Like so many people, The King's Speech, the movie, moved me on many levels. It brought to reality the humanity of a distant figure, a man's simple struggle to rise to the occasion, to stretch himself for his people. To do the right thing. Earlier this week, like so many others, I continued my search on Facebook and Twitter to stay abreast of all the momentous change raging across the Arab world, I stumbled across another King's Speech that also moved me to tears.

Throughout North Africa and the Middle East, many people are rightfully demanding greater political freedom, economic opportunity, the rule of law, transparent government and reform in a rush to greater quality of life in a modern world. Many women are finally making their voices heard in the tumult of this new history and another King is listening to them. King Mohammed VI of Morocco began the challenge of moving his people and country forward since assuming the throne as a young man more than ten years ago. The changes announced by His Majesty this week are a further step in the right direction toward democracy and a better life for all Moroccans.

There is a balance to tradition and modernity than can be mirrored in tolerance and compassion. As we watch the region roil, we wonder why the 'Mubaraks' are blind to the needs of their people, how the 'Ghadaffis' can be so cruel. The speech of this King, who has already brought about positive change, including a new Family Law that protects women and children along with other reforms that put his people first. His speech outlined his pledge for ongoing democratic development through constitutional, judicial and political reforms. This is a moment of profound change in the region. His contrast to the other so-called leaders is breath-taking and provides a model for the world.

The King's response to demonstrations was to set up a new body to defend human rights in a more direct and meaningful way. The new National Human Rights Council replaces an existing organization which had a more consultative role. The new Council will be made up of representatives of public authorities, non-government organizations, political parties and independents. The contrast to the on-going tragedy in Libya is more than significant. It is worthy of a Nobel Prize. We should be helpful in our support for this government and the people of Morocco. Here is a man and a government that is capable of both human rights and responsibilities.

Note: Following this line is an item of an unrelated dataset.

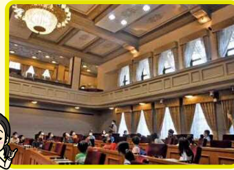
議場の歴史や設備についても学びました。

As we consider the will of a young King to move forward the reforms he started ten years ago, his actions show his commitment to a continuation of reform in Morocco. As blood flows in the region because of intransigence and greed, a man who stretches a little taller to help his people, both male and female, move into the modern world deserves our thanks and respect. While Colin Firth's King's Speech won an Oscar and our hearts, this King's speech shows us how a better world can really be -- and we haven't found an award for that yet.